KR101199149B1 - Carrier for chemical mechanical polishing and flexible membrane - Google Patents

Abstract

The present invention relates to a carrier for chemical mechanical polishing and to a flexible membrane mounted on the carrier. The chemical mechanical polishing carrier according to the present invention includes a base, a retaining ring mounted on the lower portion of the base to prevent separation of the wafer during the polishing process, and mounted inside the retaining ring to polish the entire wafer on the wafer during the polishing process. A flexible membrane having a protruding structure in a predetermined region on a contact back surface and applying a pressure, a pressure plate applying local polishing pressure through contact with the protruding structure, and a bladder connected to the pressure plate to generate the local polishing pressure It includes. In addition, the flexible membrane mounted on the carrier includes a generally circular wafer contact surface for contacting the wafer back surface to apply polishing pressure to the wafer during the polishing process, and a generally circular contact back surface positioned opposite the wafer contact surface. The contact back surface is characterized in that the projecting structure of a height of 0.3mm to 3mm in a predetermined area.

Chemical mechanical polishing, carrier, membrane

Description

Carrier and Flexible Membrane for Chemical Mechanical Polishing {CARRIER FOR CHEMICAL MECHANICAL POLISHING AND FLEXIBLE MEMBRANE}

1 is a cross-sectional view of a chemical mechanical polishing carrier according to an embodiment of the present invention,

2 is a plan view for explaining the structure of the bladder and the pressure plate,

3 is a plan view showing another example of the bladder;

4 and 5 are cross-sectional views for explaining the operation of the carrier,

6 is a plan view showing the contact back surface of the flexible membrane,

7 is a cross-sectional view of the protrusion structure,

8 and 9 are cross-sectional views showing another example of the protrusion structure,

10 is a plan view of a contact back surface for explaining another example of the projecting structure,

11 and 12 are plan views of the contact back surface showing another example of the projecting structure,

13 is a plan view of a contact back surface showing another example of the projecting structure;

14 is a cross-sectional view illustrating a case where a plurality of pressure plates and bladders are provided in a chemical mechanical polishing carrier according to an embodiment of the present invention;

15 is a cross-sectional view showing the structure of a pressure plate;

16 to 18 are cross-sectional views for explaining the operation of the carrier.

<Brief description of the major symbols in the drawings>

900, 910 carrier

100: base

120: retaining ring

200: membrane

202: wafer contact surface

204: contact back surface

220, 222, 224, 226, 228, 230, 232: protrusion structure

300, 302: bladder

320, 326: platen

240: outer area projecting structure

250: center region protrusion structure

400: first bladder

500: second bladder

420: first pressure plate

520: second pressure plate

700: wafer

The present invention relates to a chemical mechanical polishing apparatus, and more particularly, to a carrier for applying a polishing pressure to a wafer during a polishing process and a flexible membrane mounted on the carrier.

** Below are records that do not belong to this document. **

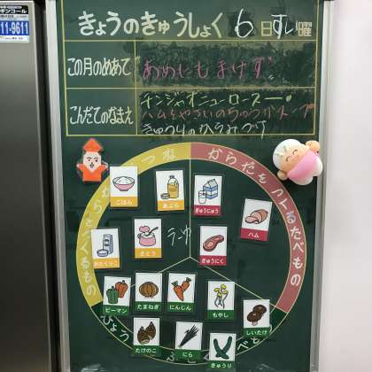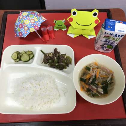 今日の献立は、チンジャオニューロウスー、ハムと野菜の中華スープ、きゅうりの辛みづけ、ごはん、牛乳です。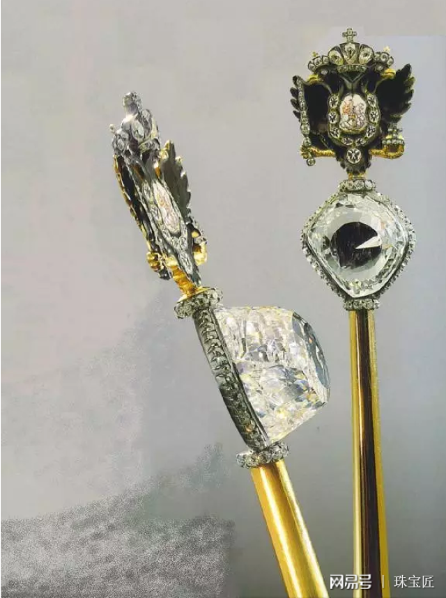 除了这顶闪瞎人眼的加冕皇冠,女皇叶卡捷琳娜还有一个镶嵌了世界第三大钻石“奥尔洛夫钻”,象征王权的权杖。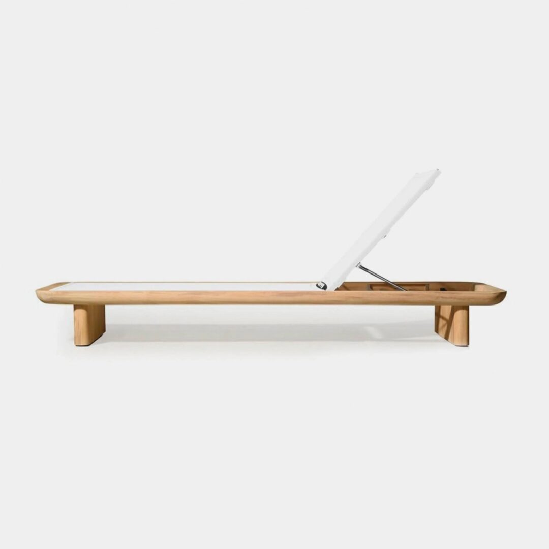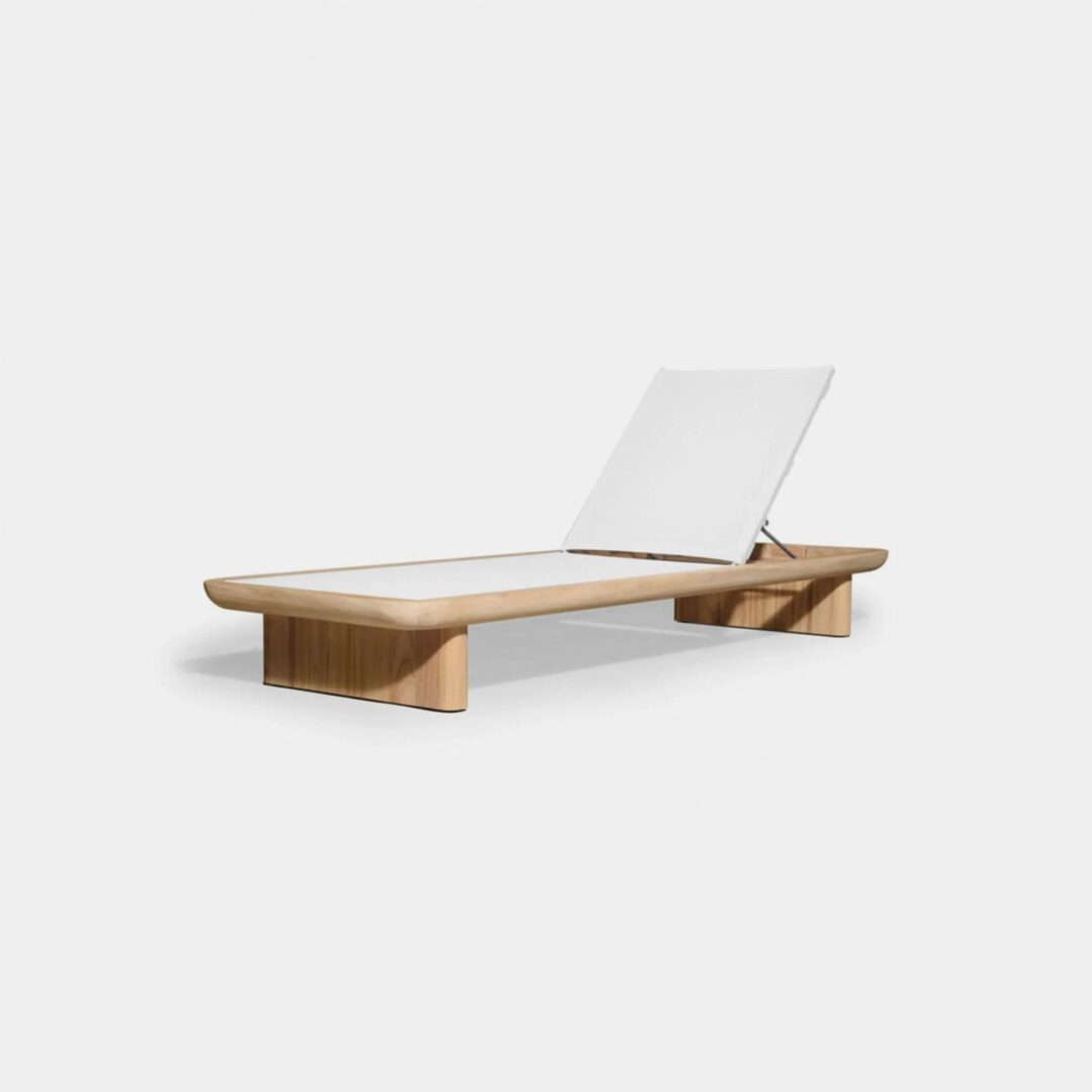 Our Victoria Teak collection balances sculptural curves and right angles for true simplicity of proportion. The Victoria Sun Lounge is poolside relaxation — lounge on an all–weather Batyline mesh sling suspension in Silver or White for comfort and total adjustability, no cushion required (add one if desired). With a striking rounded frame in solid natural Indonesian teak echoed by the rounded edges of the plank legs, this contemporary outdoor sun lounge brings harmony to a variety of spaces.

As miniaturization and multilayering of semiconductor integrated circuits are required, there is a need to planarize the wafer surface or selectively remove the conductive layer formed on the wafer surface at a predetermined stage of the semiconductor manufacturing process. Due to such necessity, chemical mechanical polishing (CMP) has been widely used in semiconductor manufacturing processes.

Chemical mechanical polishing of wafers is generally accomplished by attaching a polishing pad on a platen, mounting the wafer on a wafer mounting mechanism called a carrier or carrier head, and then applying the slurry to the polishing pad. And the carrier at the same time to create a friction between the polishing pad and the wafer. In this case, the polishing rate is controlled by applying an appropriate polishing pressure to the wafer. For this purpose, a flexible membrane having a thickness of 0.3 mm to 1 mm made of ethylene propylene rubber or silicon rubber in the carrier is used. After mounting and sealing and applying air pressure, the polishing pressure is applied to the wafer through the membrane. As such, when air pressure is applied to the wafer through the flexible membrane, a uniform pressure is transmitted to the back surface of the wafer so that the wafer polishing surface may be naturally polished with the polishing pad.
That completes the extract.